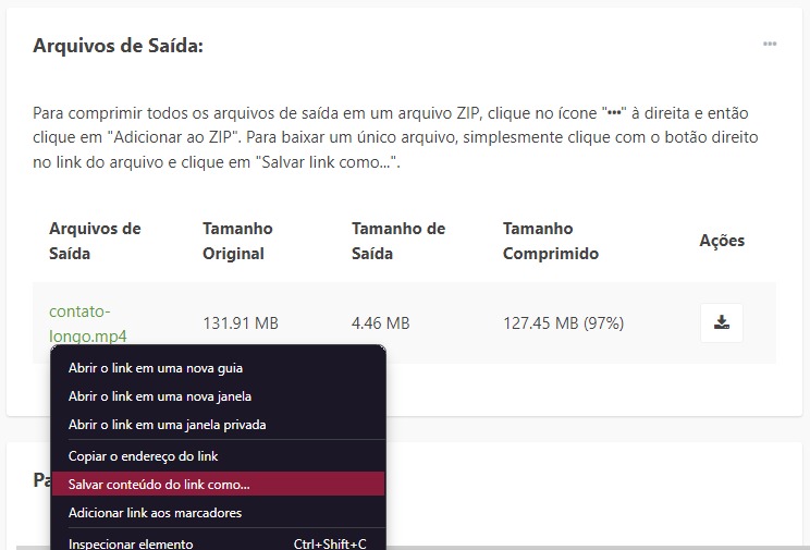 Depois de comprimido uma maneira mais fácil de fazer o download do vídeo é clicando no link do vídeo comprimido com o botão direito do mouse e escolher a opção "Salvar como..." ou "Salvar conteúdo do link como...", assim como mostra a imagem abaixo. Veja que escolhendo bem as configurações é possível reduzir muito o tamanho dos seus vídeos.
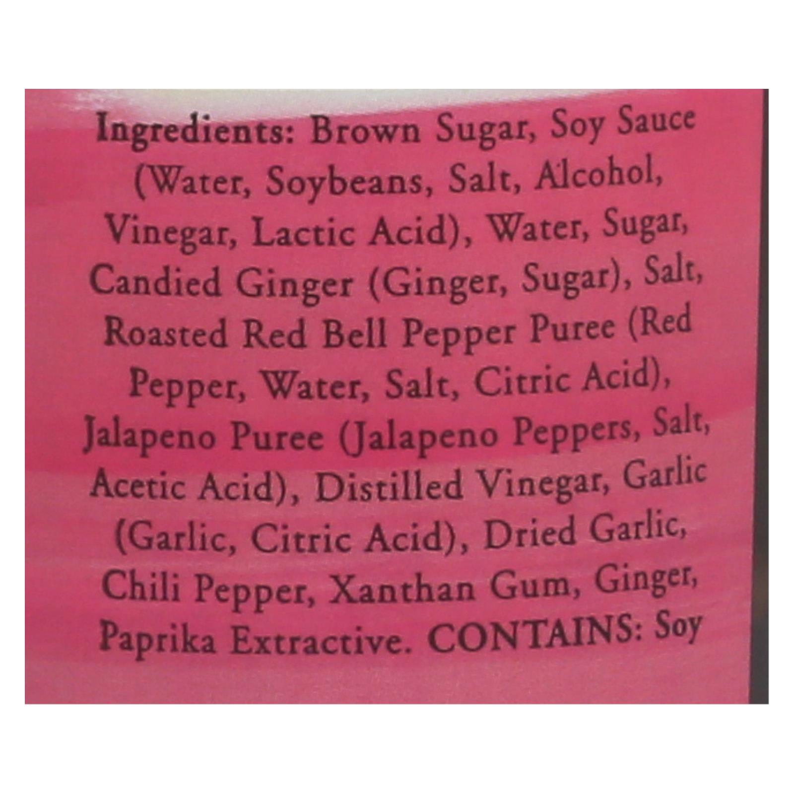 ingredients : brown sugar;soy sauce (water soybeans, salt, alcohol, vinegar, lactic acid);water;sugar;candied ginger (ginger, sugar);salt;roasted red bell pepper puree (red pepper, water, salt, citric acid);jalapeno puree (jalapeno peppers, salt, acetic acid);distilled vinegar;garlic (garlic, citric acid);dried garlic;chili pepper;xanthan gum;ginger;paprika extractive
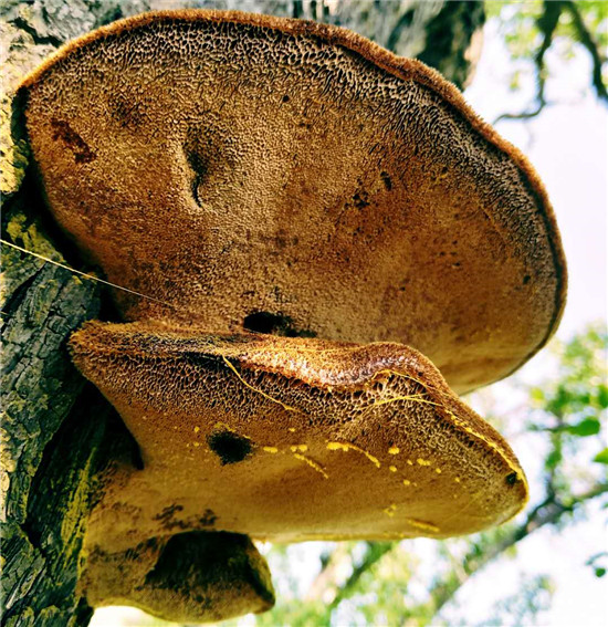 寄生在枣树上的粗毛纤孔菌成熟子实体
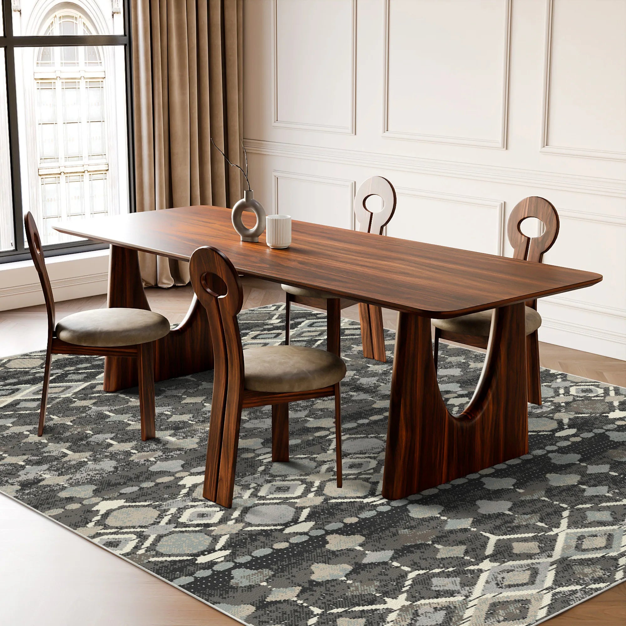Ми вважаємо, що сміливий стиль повинен супроводжуватися безкомпромісною довговічністю. Саме тому цей килим виготовлений з високоякісних поліефірних волокон високої щільності, які забезпечують м’яку, привабливу текстуру під ногами, водночас володіючи міцністю, щоб витримувати високий рівень ходьби. Темна, насичена палітра природно прощає повсякденне життя, а властива волокну стійкість до плям гарантує, що чіткий контраст візерунків залишається чітким з часом. Щоб забезпечити безпечне та безпечне середовище для вашої родини, ми інтегрували високоякісну нековзну основу , яка міцно кріпиться до паркетної підлоги, плитки або ламінату, усуваючи потребу в окремій підкладці для килима та запобігаючи ковзанню.
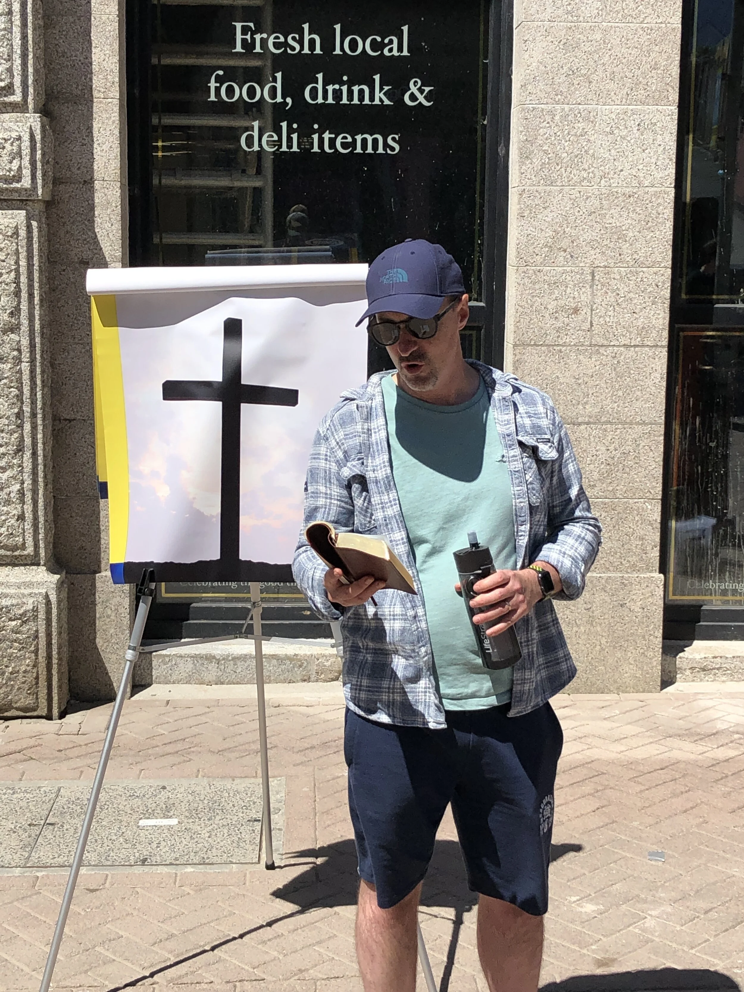 After spending more time handing out tracts, I decided to close out the outreach by preaching one more time. This time I spoke briefly from 1 John 4:10 – “In this is love, not that we loved God, but that He loved us and sent His Son to be the propitiation for our sins.” From this verse, I spoke about God being the loving Creator and the fact that we don’t love God. After stressing the nature of our sin, I went to how God shows His love in the giving of Jesus on the cross. As the last preacher of the day, I called on those listening to trust in Christ and to visit us at Newquay Baptist Church if they have any further questions.
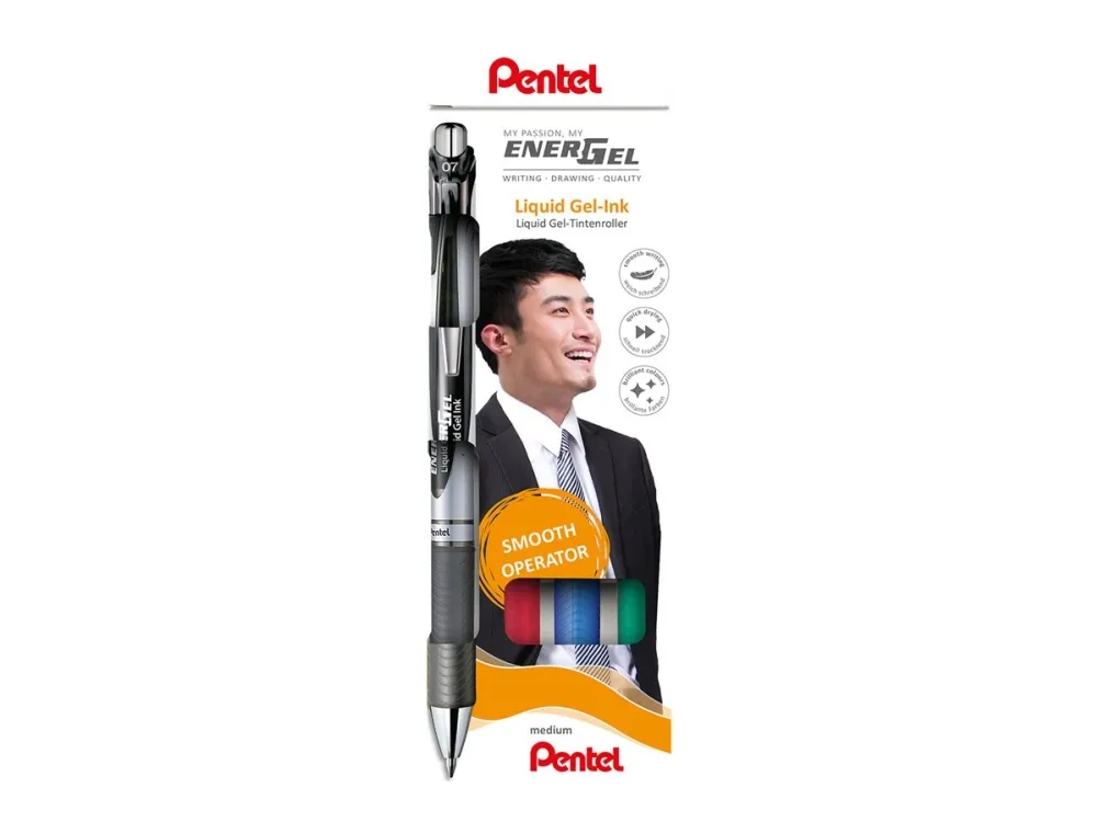 Pentel EnerGel - Rulleballpenn - svart, rød, blå, grønn - gelblekk - 0.7 mm - medium - retraktil (en pakke 4)

◆ Work to complete: Each record above needs to be retyped exactly, without any pictures.

◆ Written answer:
 Depois de comprimido uma maneira mais fácil de fazer o download do vídeo é clicando no link do vídeo comprimido com o botão direito do mouse e escolher a opção "Salvar como..." ou "Salvar conteúdo do link como...", assim como mostra a imagem abaixo. Veja que escolhendo bem as configurações é possível reduzir muito o tamanho dos seus vídeos.
 ingredients : brown sugar;soy sauce (water soybeans, salt, alcohol, vinegar, lactic acid);water;sugar;candied ginger (ginger, sugar);salt;roasted red bell pepper puree (red pepper, water, salt, citric acid);jalapeno puree (jalapeno peppers, salt, acetic acid);distilled vinegar;garlic (garlic, citric acid);dried garlic;chili pepper;xanthan gum;ginger;paprika extractive
 寄生在枣树上的粗毛纤孔菌成熟子实体
Ми вважаємо, що сміливий стиль повинен супроводжуватися безкомпромісною довговічністю. Саме тому цей килим виготовлений з високоякісних поліефірних волокон високої щільності, які забезпечують м’яку, привабливу текстуру під ногами, водночас володіючи міцністю, щоб витримувати високий рівень ходьби. Темна, насичена палітра природно прощає повсякденне життя, а властива волокну стійкість до плям гарантує, що чіткий контраст візерунків залишається чітким з часом. Щоб забезпечити безпечне та безпечне середовище для вашої родини, ми інтегрували високоякісну нековзну основу , яка міцно кріпиться до паркетної підлоги, плитки або ламінату, усуваючи потребу в окремій підкладці для килима та запобігаючи ковзанню.
 After spending more time handing out tracts, I decided to close out the outreach by preaching one more time. This time I spoke briefly from 1 John 4:10 – “In this is love, not that we loved God, but that He loved us and sent His Son to be the propitiation for our sins.” From this verse, I spoke about God being the loving Creator and the fact that we don’t love God. After stressing the nature of our sin, I went to how God shows His love in the giving of Jesus on the cross. As the last preacher of the day, I called on those listening to trust in Christ and to visit us at Newquay Baptist Church if they have any further questions.
 Pentel EnerGel - Rulleballpenn - svart, rød, blå, grønn - gelblekk - 0.7 mm - medium - retraktil (en pakke 4)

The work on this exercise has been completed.